Puis il suivit la prépa de Ginette, dont il lui reste de fortes amitiés, intégra en 3⁄2 et sortit dans le corps des Télécoms (fusionné avec celui des Mines). L’École lui fut « un jardin d’enfants merveilleux ». Il garde un excellent souvenir entre autres des cours de Basdevant, Bourguignon, Finkielkraut, Neveu. Il y fit des maths surtout, mais tous les enseignements le passionnaient, de la mécanique aux sciences humaines et sociales. Il vécut « deux années fantastiques sur le plateau ».

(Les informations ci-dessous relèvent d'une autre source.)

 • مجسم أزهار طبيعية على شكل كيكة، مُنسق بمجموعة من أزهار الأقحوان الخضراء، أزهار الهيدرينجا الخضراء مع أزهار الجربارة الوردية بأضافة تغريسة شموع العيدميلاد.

“La vision lui servit de porte d’entrée
dans la cognition, comme pour beaucoup
de neuroscientifiques.”
L’imagerie cérébrale
Il découvrit l’IRM fonctionnelle à la charnière des années 1990–2000, au moment où cette puissante méthodologie était en plein développement. Les moyens d’investigation utilisés (statistiques classiques) étaient insuffisants pour analyser ces données. Il y avait un intérêt à utiliser des techniques d’apprentissage alors en plein développement : apprentissage non supervisé et supervisé [Olivier Faugeras (71) qui fut son directeur de thèse de 2000 à 2003] : « J’ai appris par O. Faugeras en 2002 que l’épicentre du développement de l’imagerie cérébrale en France allait être à Saclay, avec le projet Neurospin (qui a débuté en 2007). Je m’en suis donc rapproché et j’ai alors rencontré Stanislas Dehaene, un cousin de mon épouse (au service hospitalier Frédéric Joliot, à Orsay, qui préfigurait Neurospin) en 2003 : une rencontre à la fois riche – où nous avons esquissé des projets nombreux, dont certains sont encore en cours ! – et frustrante, car nous parlions des langages différents. »

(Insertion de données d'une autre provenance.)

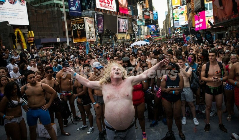 Times Square)で5日、「下着姿での最多集合人数」のギネス世界記録(

Il fallut à Bertrand Thirion – influence du père, tenir un cap et sentir sa limite – baliser sa voie parmi les résultats contradictoires des années 1990–2000. La vision lui servit de porte d’entrée dans la cognition, comme pour beaucoup de neuroscientifiques. C’est d’ailleurs en analysant les illusions d’optique que l’on réalise, souvent pour la première fois, que le cerveau construit ce que l’on perçoit si naturellement. Se posa, bien entendu, la question de la singularité cérébrale humaine. Comparé à d’autres espèces comme les macaques, l’homme s’en distingue par une variabilité plus grande. Nos cerveaux sont très différents les uns des autres. Autre caractéristique de notre cerveau, l’introspection visible à l’IRM s’y trouve surdéveloppée.

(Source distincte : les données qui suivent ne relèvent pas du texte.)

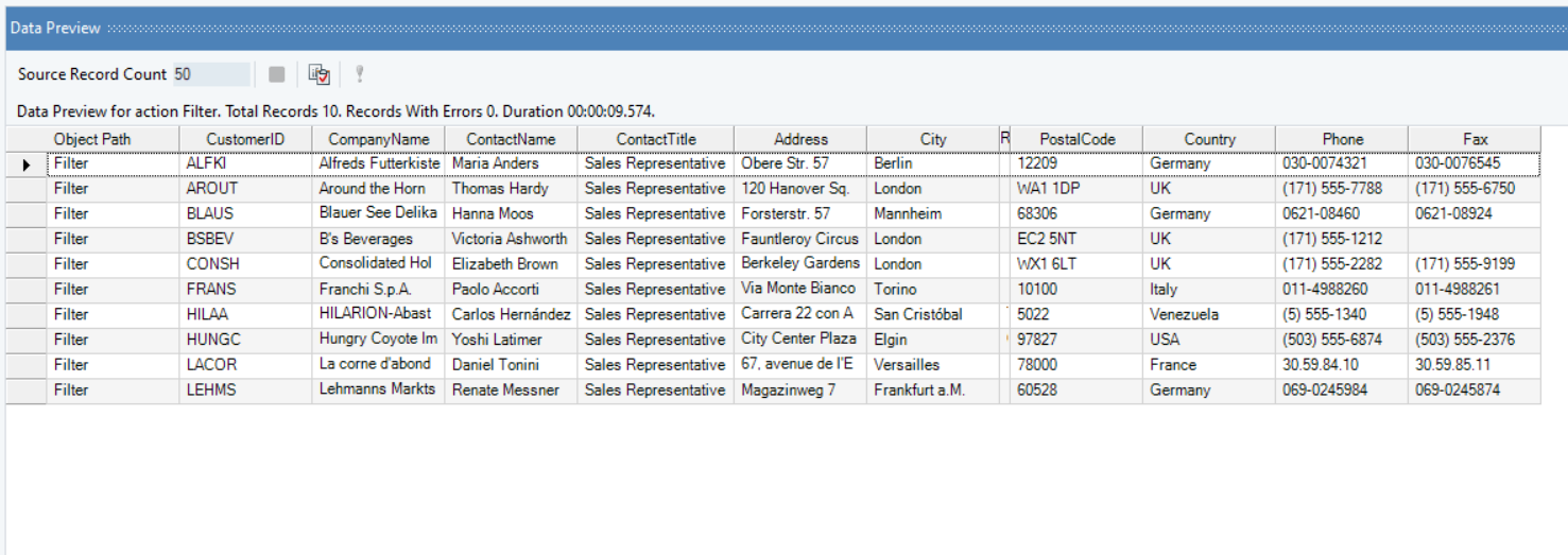 If we preview the output, we have filtered records for Customers with the contact title as Sales Representatives.

Il eut recours à de puissants outils de reconnaissance d’image. Les réseaux de neurones, dits convolutionnels, présentent plusieurs couches. Une première image « d’entrée » est soumise à des convolutions, passe par une couche de pooling, avant d’émerger dans la couche dénommée fully connected. Ces outils informatiques s’apparentent à ceux utilisés pour la reconnaissance des visages.
La bosse des maths existe
Bertrand Thirion s’engagea dans une collaboration intense et fructueuse avec le groupe de Stanislas Dehaene et de son épouse au Collège de France. Il signa des dizaines de publications consacrées aux diverses fonctions cérébrales. Entré à l’Inria Saclay en 2006, il y fonda et continue à y diriger une équipe de recherche, dénommée Pariétal : allusion au cortex pariétal où s’effectue tant la représentation de l’espace que la manipulation des nombres (la fameuse “bosse des maths”). Mais d’autres régions le fascinent aussi. En première ligne, le cortex temporal où nichent le langage et la musique.
Cette dernière suscite une grande attirance chez Bertrand Thirion. C’est un mélomane, il affectionne tout particulièrement les quatuors, ces monuments que sont ceux de Haydn, Beethoven et Bartók.
C’est un homme extrêmement sympathique, ouvert et chaleureux, s’exprimant avec aisance à l’écrit comme à l’oral, peut-être surtout passionné par son métier que, sans exagération, ce grand modeste invente au fur et à mesure, tout en faisant école.